**Work instructions**: An exact copy of the lines of the listing below between the "şöbəsi istifadəyə veriləcəkdir." line and the "Создаёт условия для" line, both included, is the whole answer; please omit the pictures.

**Supplied material**:
· · · · · · ·

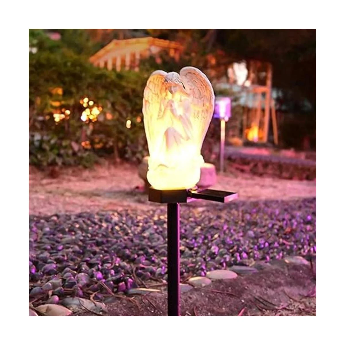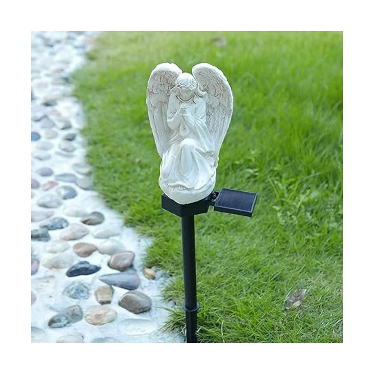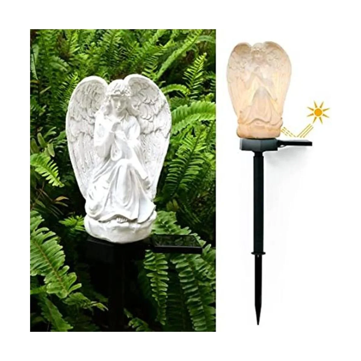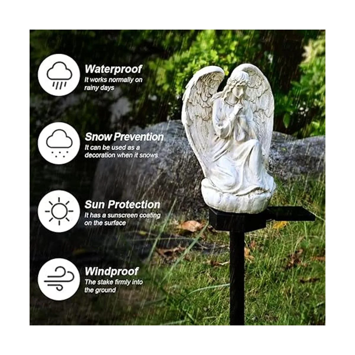 Decoración solar de jardín de ángel guardián, luz de estaca Juliahestia para patio, exterior, césped, porche, decoración de tumbas para cementerio, estatuas conmemorativas, figuras rezantes, adorno de Navidad impermeable para patio
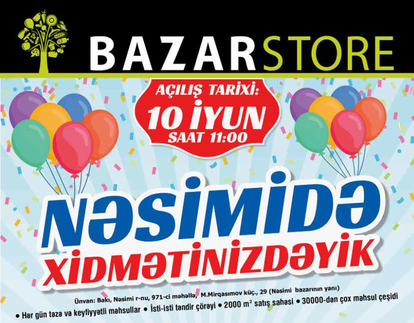 “Marja” xəbər verir ki, İyunun 10-da Nəsimi bazarının yanında ( M. Mirqasımov.,29) "Bazarstore” şöbəsi istifadəyə veriləcəkdir.
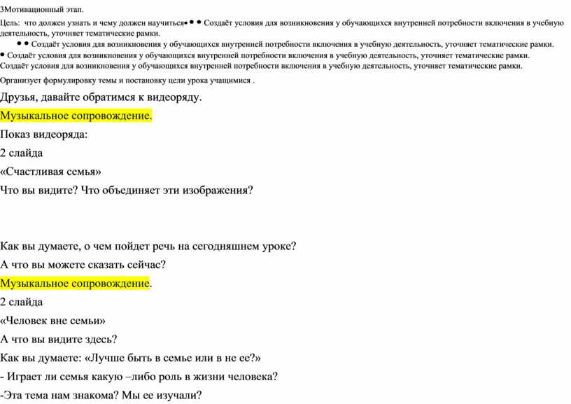 Создаёт условия для возникновения у обучающихся внутренней потребности включения в учебную деятельность, уточняет тематические рамки. Организует формулировку темы и постановку цели урока учащимися . Друзья, давайте обратимся к видеоряду. Музыкальное сопровождение. Показ видеоряда: 2 слайда «Счастливая семья» Что вы видите? Что объединяет эти изображения?
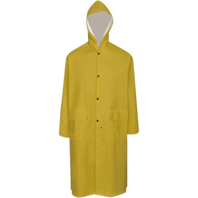 ManoManoGeneral description This heavy-duty raincoat will keep you dry in even the worst weather conditions. It is ideal for all kinds of outdoor activities, such as hiking, walking, fishing, gardening, and building jobs. Technical specifications Colour: Yellow Material: High-quality fabric with waterproof PVC coating Size: XXL With an attached hood Hidden, elasticated cuffs inside of the sleeves Zip closure and storm fly front with snaps 2 big pockets with flaps Easy storage Easy to clean Other information

· · · · · · ·

**Written reply**:
 “Marja” xəbər verir ki, İyunun 10-da Nəsimi bazarının yanında ( M. Mirqasımov.,29) "Bazarstore” şöbəsi istifadəyə veriləcəkdir.
 Создаёт условия для возникновения у обучающихся внутренней потребности включения в учебную деятельность, уточняет тематические рамки. Организует формулировку темы и постановку цели урока учащимися . Друзья, давайте обратимся к видеоряду. Музыкальное сопровождение. Показ видеоряда: 2 слайда «Счастливая семья» Что вы видите? Что объединяет эти изображения?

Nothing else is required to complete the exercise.